Lumosity to pay $2 million for falsely claiming medical advantages to memory app
The creators of the Lumosity “brain training” program will pay the Federal Trade Commission $2 million to settle charges they deceived consumers with unfounded claims that their product sharpened cognitive performance and could protect against decline, according to the Federal Trade Commission.
Lumosity said its games could help users perform better at work and in school, and reduce or delay cognitive impairment associated with age and other serious health conditions, claims that could not be backed by scientific evidence, the FTC said.
Lumos Labs of San Francisco, the company behind Lumosity, will pay $2 million and will notify subscribers of the FTC action, according to the Jan. 4 order handed down by the U.S. District Court Northern District of California. The company also must provide customers with an easy way to cancel their auto-renewal to avoid future billing, the court said.
The order imposes a $50 million judgment against Lumos Labs, to be suspended due to its financial condition, after the company pays $2 million to the commission.
“Lumosity preyed on consumers’ fears about age-related cognitive decline, suggesting their games could stave off memory loss, dementia, and even Alzheimer’s disease,” said Jessica Rich, director of the FTC’s Bureau of Consumer Protection. “But Lumosity simply did not have the science to back up its ads.”
The Lumosity program consists of 40 games purportedly designed to target and train specific areas of the brain. The company advertised that training on these games for 10 to 15 minutes, three or four times a week, could help users achieve their “full potential in every aspect of life,” according to the FTC complaint.
The company sold both online and mobile app subscriptions, with options ranging from a monthly fee of $14.95 to a lifetime membership for $299.95.
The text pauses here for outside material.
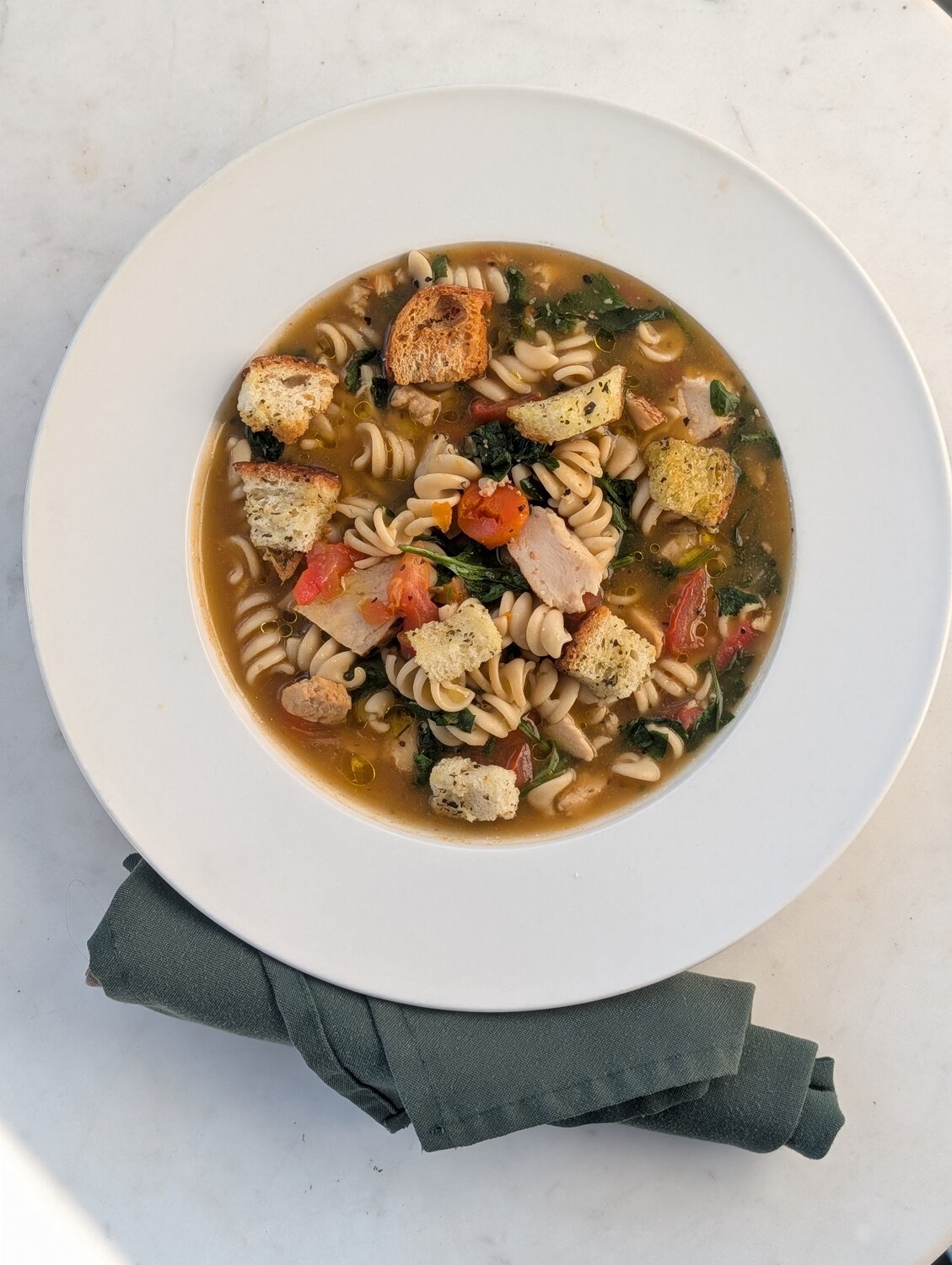 5. Ladle soup into bowls, top with croutons and garnish with freshly grated Parmesan cheese, cracked black pepper, and a drizzle of olive oil.

Lumosity has been widely promoted through TV and radio advertisements on networks including CNN, Fox News, the History Channel, National Public Radio, Pandora, Sirius XM, and Spotify, the FTC said. The defendants also marketed through emails, blog posts, social media, and on their website, Lumosity.com, and used Google AdWords to drive traffic to their website, purchasing hundreds of keywords related to memory, cognition, dementia, and Alzheimer’s disease, according to the complaint.
The complaint charges the defendants with failing to disclose that some consumer testimonials featured on the website had been solicited through contests that promised significant prizes, including a free iPad, a lifetime Lumosity subscription, and a round-trip to San Francisco.
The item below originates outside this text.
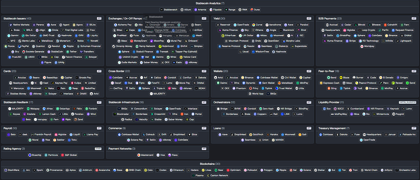 The Artemis Stablecoins Map shows just how chaotic the current landscape is. Merchants simply aren’t going to deal with dozens of on-off ramps, wallets, and infrastructure providers to convert their earnings into fiat.

The FTC alleges that the defendants claimed training with Lumosity would: improve performance on everyday tasks, in school, at work, and in athletics; delay age-related cognitive decline and protect against mild cognitive impairment, dementia, and Alzheimer’s disease; and reduce cognitive impairment associated with health conditions, including stroke, traumatic brain injury, PTSD, ADHD, the side effects of chemotherapy, and Turner syndrome, and that scientific studies proved these benefits.
The court order requires the company and co-founder and former CEO Kunal Sarkar, and co-founder and former Chief Scientific Officer Michael Scanlon, to have competent and reliable scientific evidence before making future claims about any benefits for real-world performance, age-related decline, or other health conditions.
The order requires the company to notify subscribers who signed up for an auto-renewal plan between January 1, 2009 and December 31, 2014 about the FTC action and to provide a means to cancel their subscription.